Instructions for the task:
The material below holds pictures; leave them out and reproduce exactly the lines from the one with "FLASH EFEKT, venkovní, 150x200" through the one with "925纯银红色福运锦鲤戒指女小众设计高级感中国风开口可调节指环", inclusive.

Start of Entries provided

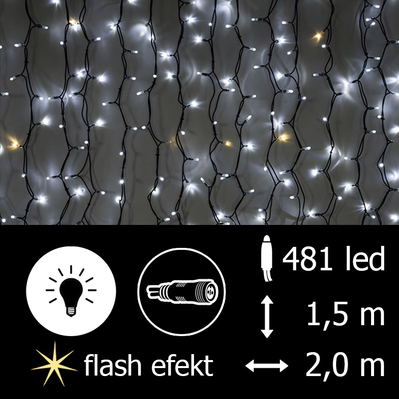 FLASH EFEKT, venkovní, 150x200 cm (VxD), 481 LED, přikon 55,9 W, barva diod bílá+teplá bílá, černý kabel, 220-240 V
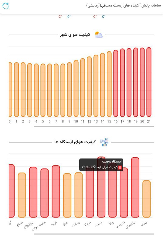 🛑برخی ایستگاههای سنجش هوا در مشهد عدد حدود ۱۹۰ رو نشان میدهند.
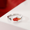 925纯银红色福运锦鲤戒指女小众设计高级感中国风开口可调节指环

End of Entries provided
Start of Entries provided

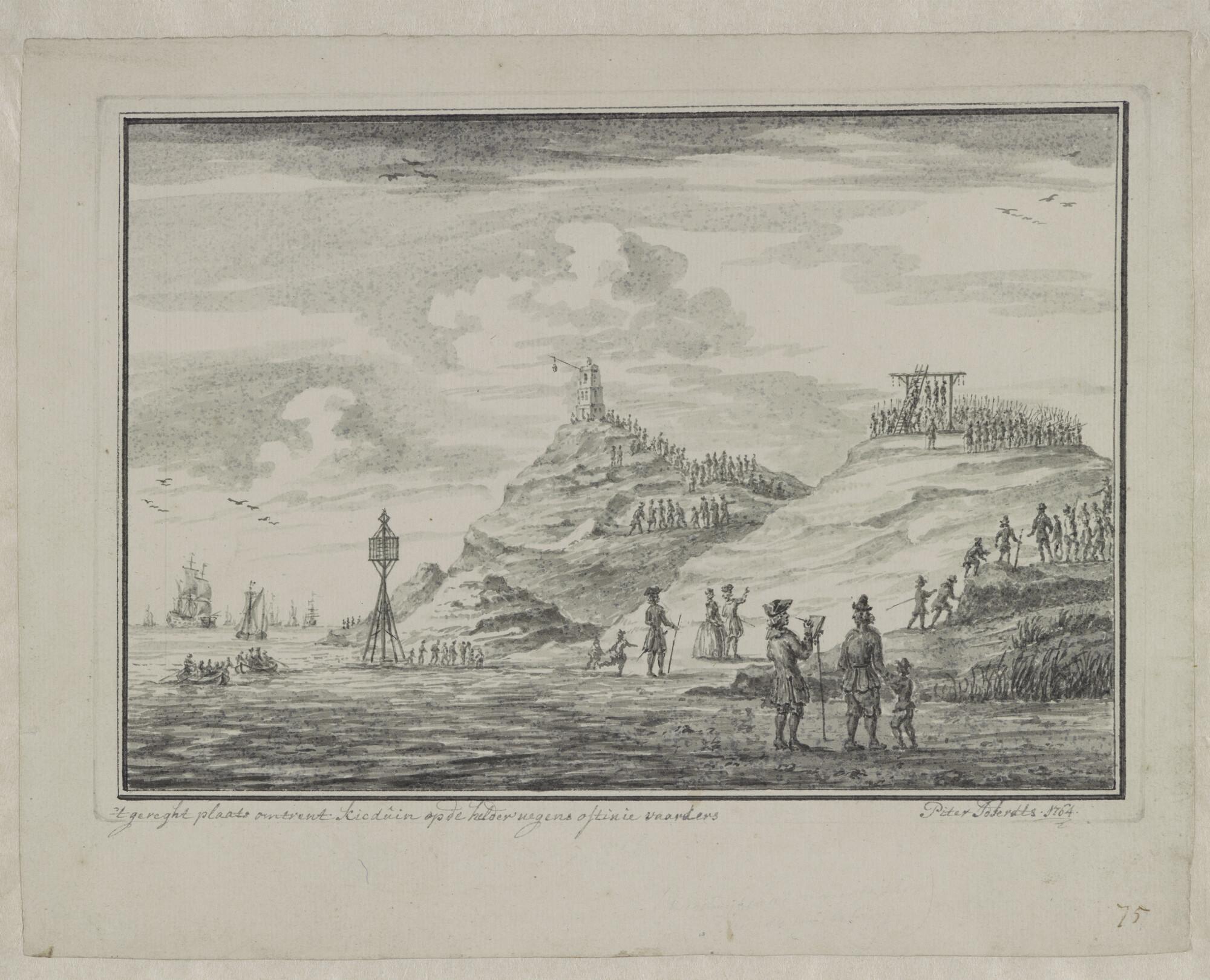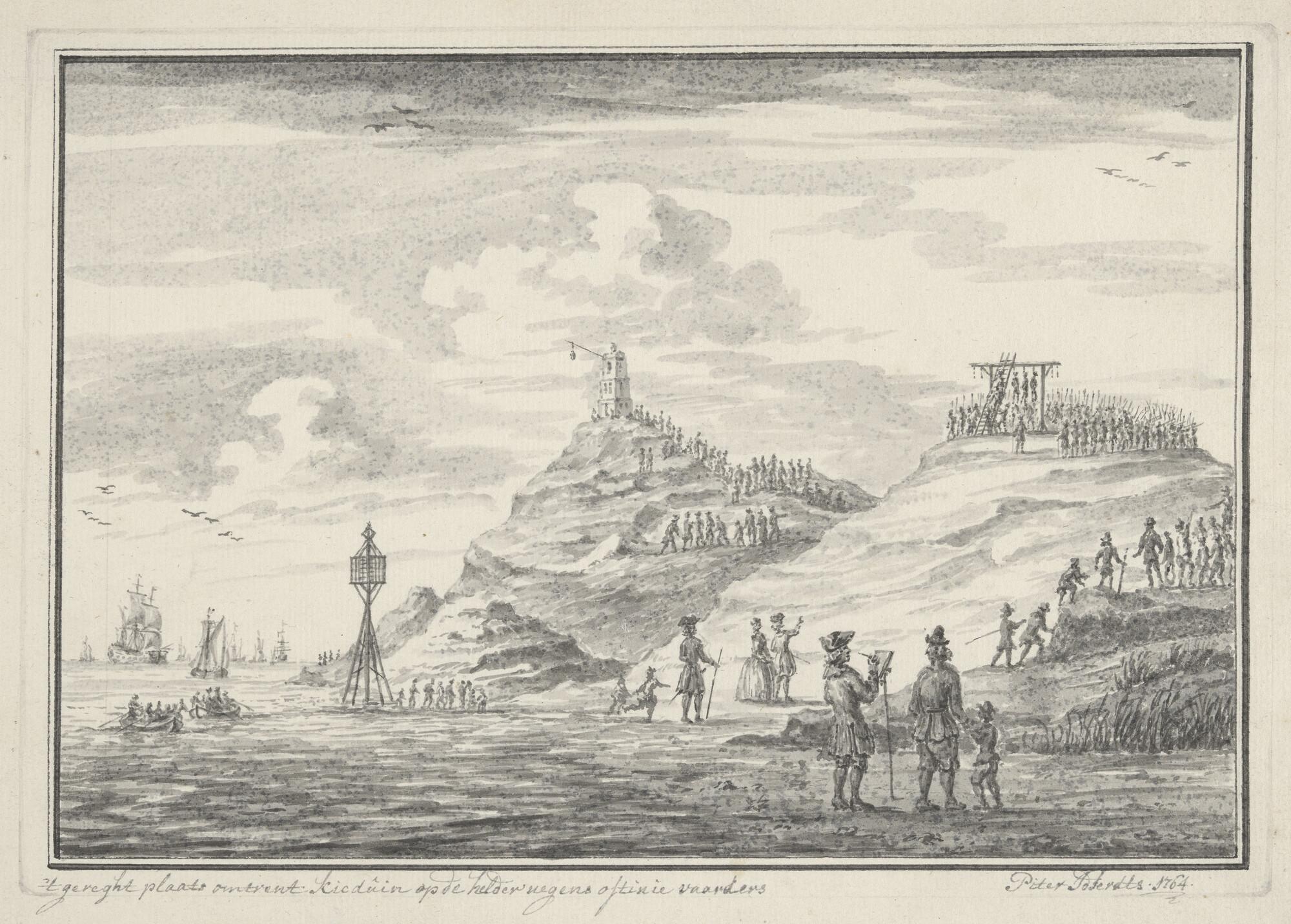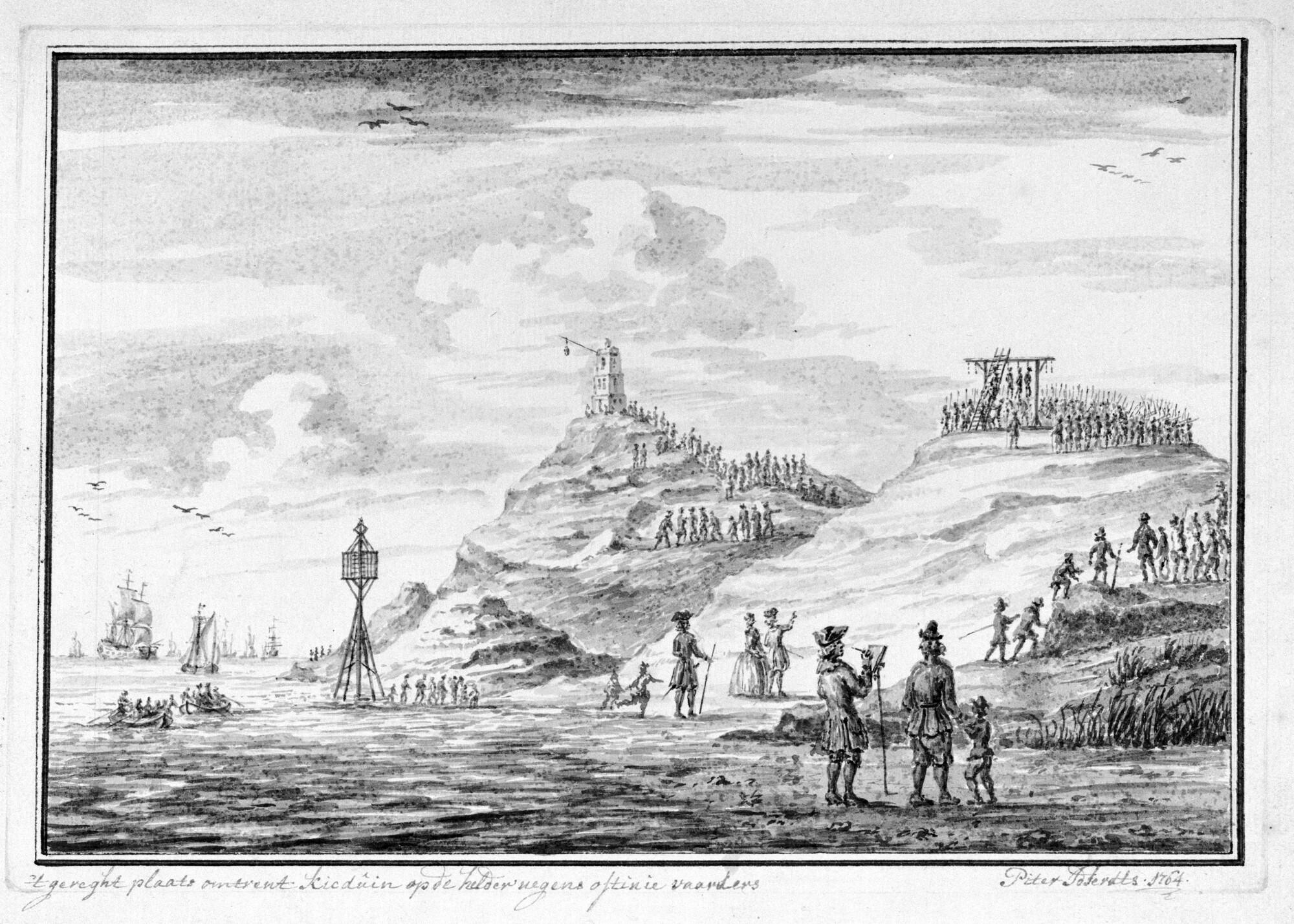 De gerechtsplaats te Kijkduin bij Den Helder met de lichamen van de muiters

End of Entries provided

Task output:
 FLASH EFEKT, venkovní, 150x200 cm (VxD), 481 LED, přikon 55,9 W, barva diod bílá+teplá bílá, černý kabel, 220-240 V
 🛑برخی ایستگاههای سنجش هوا در مشهد عدد حدود ۱۹۰ رو نشان میدهند.
 925纯银红色福运锦鲤戒指女小众设计高级感中国风开口可调节指环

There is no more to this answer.